When you restate the data, keep every word as it is and drop the images.

BEGIN Provided data

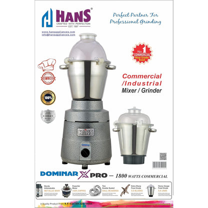 • Engineered & Made in India by the First and Most Trusted Commercial mixer grinder brand- HANS.
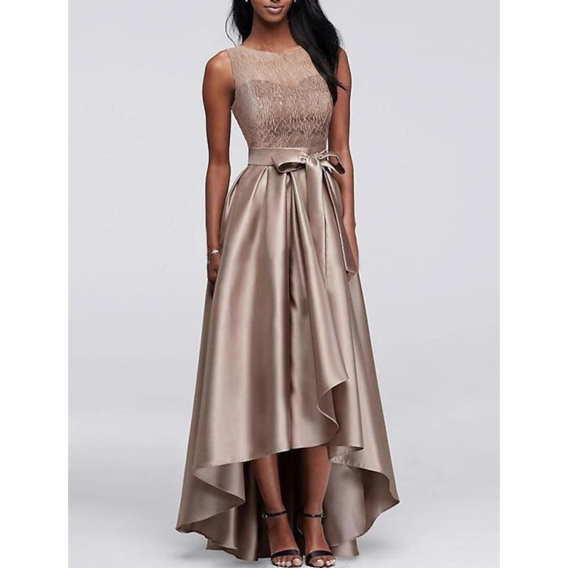 A-Line Mother of the Bride Dress Wedding Guest Elegant High Low Jewel Neck Asymmetrical Satin Sleeveless with Bow(s)
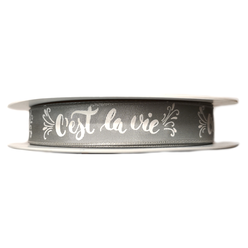 Dekoband mit Aufschrift "C'est la vie" (So ist das Leben), grau, ca. 15mm breit, Ripsband, Preis pro Meter
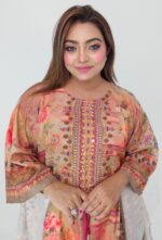 This 2-piece kaftan set is available in free size, fitting up to 46 inches, ensuring an elegant fit for most body types. With a length of 45 inches, it provides full coverage and a graceful fall, perfect for women who love traditional style with a modern twist.

END Provided data

Answer space:
 • Engineered & Made in India by the First and Most Trusted Commercial mixer grinder brand- HANS.
 A-Line Mother of the Bride Dress Wedding Guest Elegant High Low Jewel Neck Asymmetrical Satin Sleeveless with Bow(s)
 Dekoband mit Aufschrift "C'est la vie" (So ist das Leben), grau, ca. 15mm breit, Ripsband, Preis pro Meter
 This 2-piece kaftan set is available in free size, fitting up to 46 inches, ensuring an elegant fit for most body types. With a length of 45 inches, it provides full coverage and a graceful fall, perfect for women who love traditional style with a modern twist.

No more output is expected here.